[Recorded data]
* * *
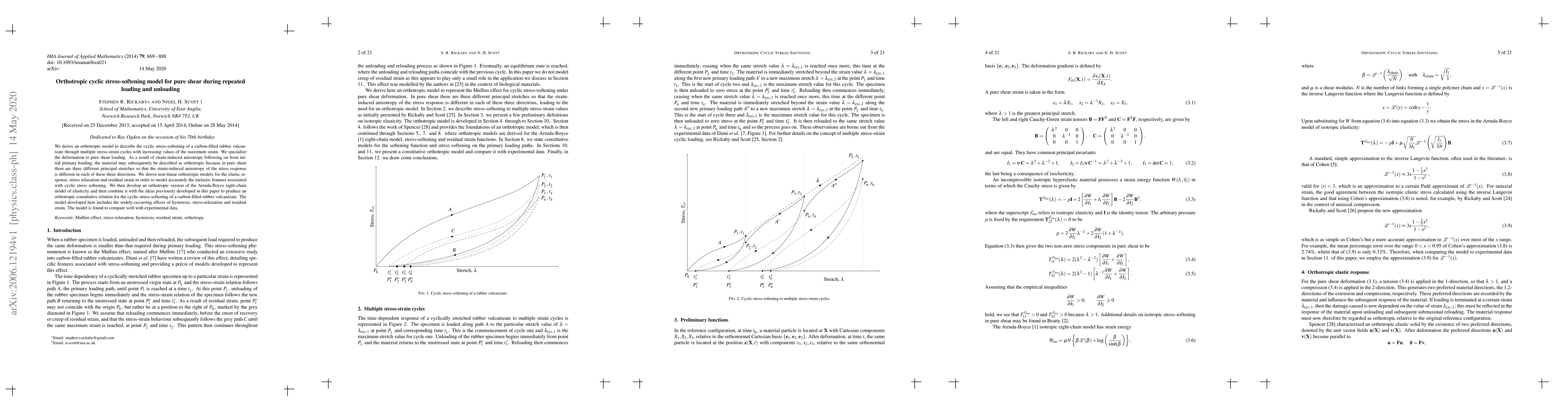 This paper develops an orthotropic cyclic stress-softening model for carbon-filled rubber vulcanizate under repeated pure shear loading, incorporating effects like hysteresis, stress-relaxation, and residual strain, and shows good agreement with experimental data. The model extends the Arruda-Boyce eight-chain model to orthotropic behavior, capturing strain-induced anisotropy.
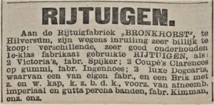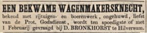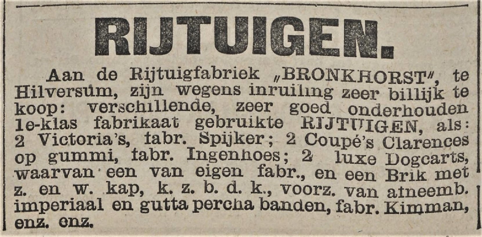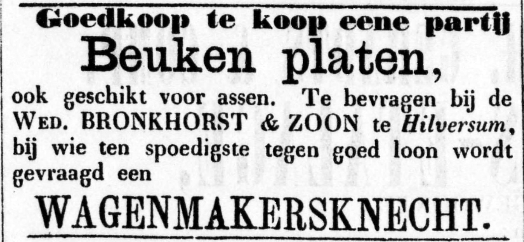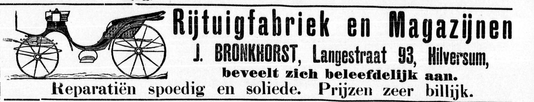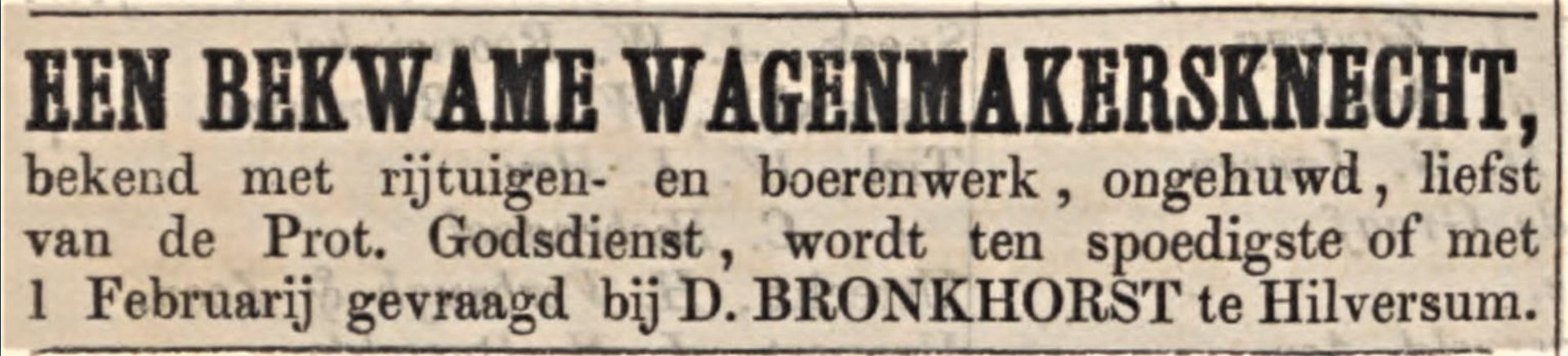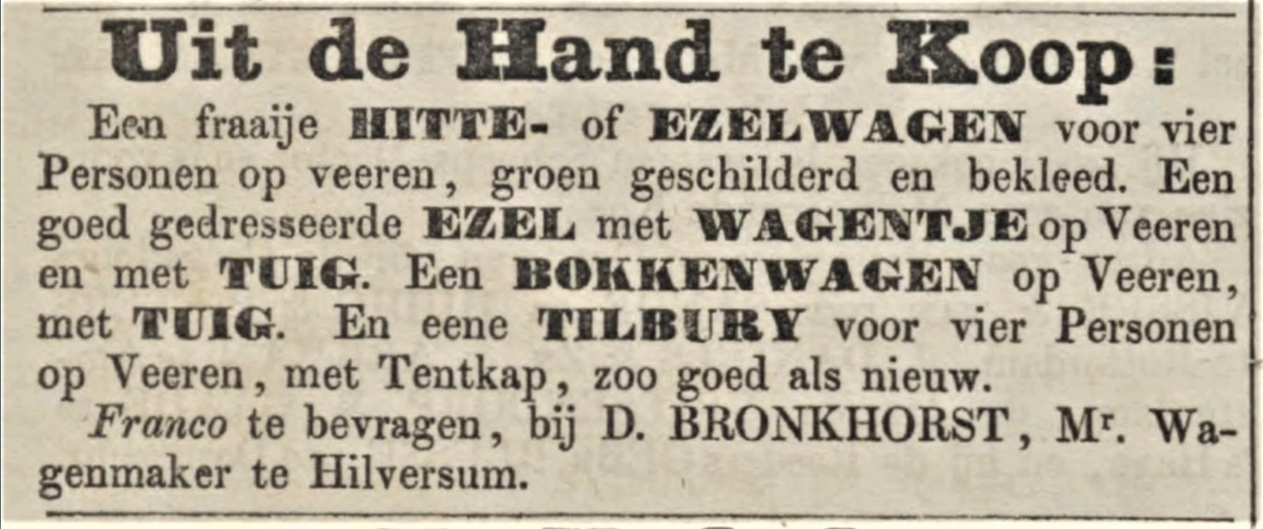 Dirk Bronkhorst (1813-1870) zet na het overlijden van zijn vader in 1836 de wagenmakerij in Hilversum voort. Hij maakt landbouwwerktuigen als een ‘eegde’, hittenwagens en een incidentele tilbury, en biedt een ezelwagen te koop aan, compleet met tuig en ezel. Hij zoekt jaarlijks een nieuwe wagenmakersknecht om hem een handje te helpen, steevast van protestantse huize, ongehuwd en ‘bekend met boerenwerk en liefst ook met rijtuigwerk’, wat aangeeft dat Bronkhorst nog niet zozeer bezig is met rijtuigen. Een vlug lopende ezel en een bok zonder hoorns, die hij met wagentjes en tuig probeert te verkopen, zijn de binnenkomers bij de meer welgestelde klanten die zoiets zoeken voor hun kinderen. Het levert hem geleidelijk aan luxer werk op.
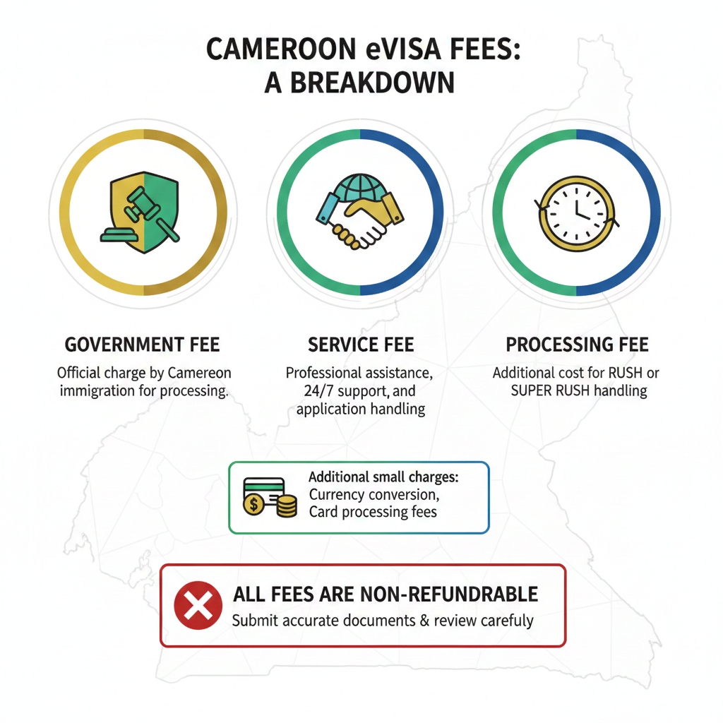 Since Cameroon eVisa fees are non-refundable, it’s important to submit accurate documents and review everything carefully before applying.
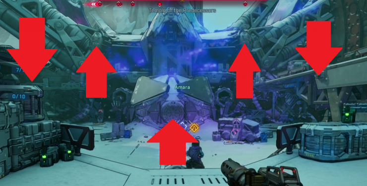 Follow Amara northeast to the Windmills area, which leads to the Temple of the Predecessors. Here, the mission becomes a gauntlet of combat as you take down waves of guards while Amara unlocks pathways and doors. Along the route, look for a side objective to destroy Eridium mining drones, which are attached to large purple crystals and easy to spot in this borderlands 4 crystal brawl walkthrough.
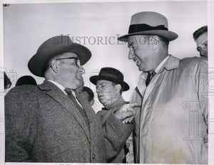 1956 Press Photo Adlai Stevenson and Joe Smith meet at O'hare Field - nee88283
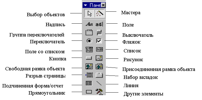 Для несвязанных элементов управления источника данных не существует. Такие элементы управления используются для отображения линий, прямоугольников, рисунков. Ввод в проект формы (отчета) несвязанного элемента управления осуществляется так: на панели элементов производится щелчок по кнопке нужного элемента управления, а затем щелчок в том разделе проекта, где требуется разместить этот элемент.
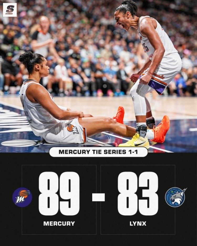 加时赛,山猫连续打铁,库珀三分助水星领先到6分,威廉姆斯和科利尔联手止血追到差2分,艾莉莎-托马斯连续罚球命中杀死比赛,最终水星加时89-83逆转山猫,大比分扳成1-1。
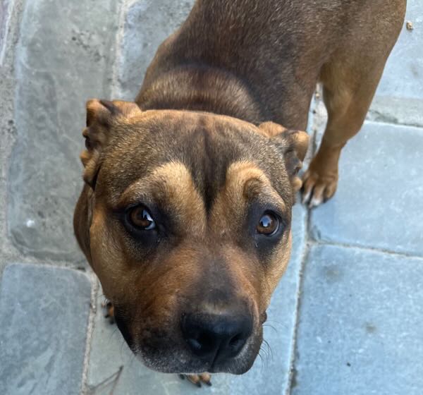 Emmy is a 6 year old, 60lb German Shepherd/Staffordshire Terrier mix with a gentle soul and a heart full of loyalty. She is house trained, crate trained, walks well on leash, and knows her basic commands. Emmy does great with other dogs and has attended doggy daycare weekly since she was a puppy. She enjoys daily walks, hikes, and off leash adventures, but settles nicely at home once her exercise needs are met. In public, she tends to ignore strangers and stay close to her person, showing her sweet but sensitive nature.
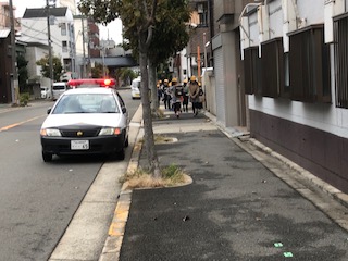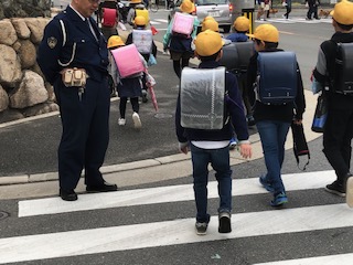 警察官が横断歩道に立って子どもたちを見守ってくださっています。
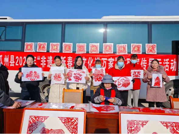 与此同时,县文旅局工会、县文联工会联动发力,在乡村集市、社区广场等多个重点区域同步设置特色文化体验区,让群众沉浸式感受中华优秀传统文化的独特魅力,推动文化惠民政策走深走实、落地生根。在书画展示与赠送区,山水、花鸟等各类书画佳作琳琅满目,楷书的端庄工整、行书的洒脱流畅尽显传统文化的深厚韵味,书画家们凝神挥毫、笔耕不辍,将新春的美好祝福与真挚期许融入笔端,免费为过往群众书写春联、福字。围观群众有序等候、争相领取,现场墨香与欢声笑语交织相融,暖意融融、年味十足,生动展现了新春佳节的喜庆祥和。
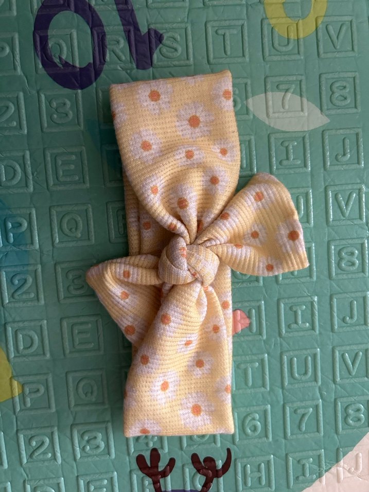 Pastel sarı renkte, bağlamalı fiyonk detaylı ve tie-dye desenli çocuk saç bandı, bohem ve retro tarzda.
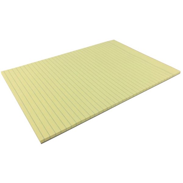 Perfect for everyday use, taking down quick notes and ideas Quality A4 Office pad 50 sheets of 70gsm yellow Bond paper Glued at top so sheets tear away easily Australian Made 8mm ruled paper Crisp blue lines Easy tear off sheets Made from paper sourced from sustainable forests
* * *
— Task item —
Nothing but the pictures is to be left out; repeat the data exactly.

— Written response —
 This paper develops an orthotropic cyclic stress-softening model for carbon-filled rubber vulcanizate under repeated pure shear loading, incorporating effects like hysteresis, stress-relaxation, and residual strain, and shows good agreement with experimental data. The model extends the Arruda-Boyce eight-chain model to orthotropic behavior, capturing strain-induced anisotropy.
 Dirk Bronkhorst (1813-1870) zet na het overlijden van zijn vader in 1836 de wagenmakerij in Hilversum voort. Hij maakt landbouwwerktuigen als een ‘eegde’, hittenwagens en een incidentele tilbury, en biedt een ezelwagen te koop aan, compleet met tuig en ezel. Hij zoekt jaarlijks een nieuwe wagenmakersknecht om hem een handje te helpen, steevast van protestantse huize, ongehuwd en ‘bekend met boerenwerk en liefst ook met rijtuigwerk’, wat aangeeft dat Bronkhorst nog niet zozeer bezig is met rijtuigen. Een vlug lopende ezel en een bok zonder hoorns, die hij met wagentjes en tuig probeert te verkopen, zijn de binnenkomers bij de meer welgestelde klanten die zoiets zoeken voor hun kinderen. Het levert hem geleidelijk aan luxer werk op.
 Since Cameroon eVisa fees are non-refundable, it’s important to submit accurate documents and review everything carefully before applying.
 Follow Amara northeast to the Windmills area, which leads to the Temple of the Predecessors. Here, the mission becomes a gauntlet of combat as you take down waves of guards while Amara unlocks pathways and doors. Along the route, look for a side objective to destroy Eridium mining drones, which are attached to large purple crystals and easy to spot in this borderlands 4 crystal brawl walkthrough.
 1956 Press Photo Adlai Stevenson and Joe Smith meet at O'hare Field - nee88283
 Для несвязанных элементов управления источника данных не существует. Такие элементы управления используются для отображения линий, прямоугольников, рисунков. Ввод в проект формы (отчета) несвязанного элемента управления осуществляется так: на панели элементов производится щелчок по кнопке нужного элемента управления, а затем щелчок в том разделе проекта, где требуется разместить этот элемент.
 加时赛,山猫连续打铁,库珀三分助水星领先到6分,威廉姆斯和科利尔联手止血追到差2分,艾莉莎-托马斯连续罚球命中杀死比赛,最终水星加时89-83逆转山猫,大比分扳成1-1。
 Emmy is a 6 year old, 60lb German Shepherd/Staffordshire Terrier mix with a gentle soul and a heart full of loyalty. She is house trained, crate trained, walks well on leash, and knows her basic commands. Emmy does great with other dogs and has attended doggy daycare weekly since she was a puppy. She enjoys daily walks, hikes, and off leash adventures, but settles nicely at home once her exercise needs are met. In public, she tends to ignore strangers and stay close to her person, showing her sweet but sensitive nature.
 警察官が横断歩道に立って子どもたちを見守ってくださっています。
 与此同时,县文旅局工会、县文联工会联动发力,在乡村集市、社区广场等多个重点区域同步设置特色文化体验区,让群众沉浸式感受中华优秀传统文化的独特魅力,推动文化惠民政策走深走实、落地生根。在书画展示与赠送区,山水、花鸟等各类书画佳作琳琅满目,楷书的端庄工整、行书的洒脱流畅尽显传统文化的深厚韵味,书画家们凝神挥毫、笔耕不辍,将新春的美好祝福与真挚期许融入笔端,免费为过往群众书写春联、福字。围观群众有序等候、争相领取,现场墨香与欢声笑语交织相融,暖意融融、年味十足,生动展现了新春佳节的喜庆祥和。
 Pastel sarı renkte, bağlamalı fiyonk detaylı ve tie-dye desenli çocuk saç bandı, bohem ve retro tarzda.
 Perfect for everyday use, taking down quick notes and ideas Quality A4 Office pad 50 sheets of 70gsm yellow Bond paper Glued at top so sheets tear away easily Australian Made 8mm ruled paper Crisp blue lines Easy tear off sheets Made from paper sourced from sustainable forests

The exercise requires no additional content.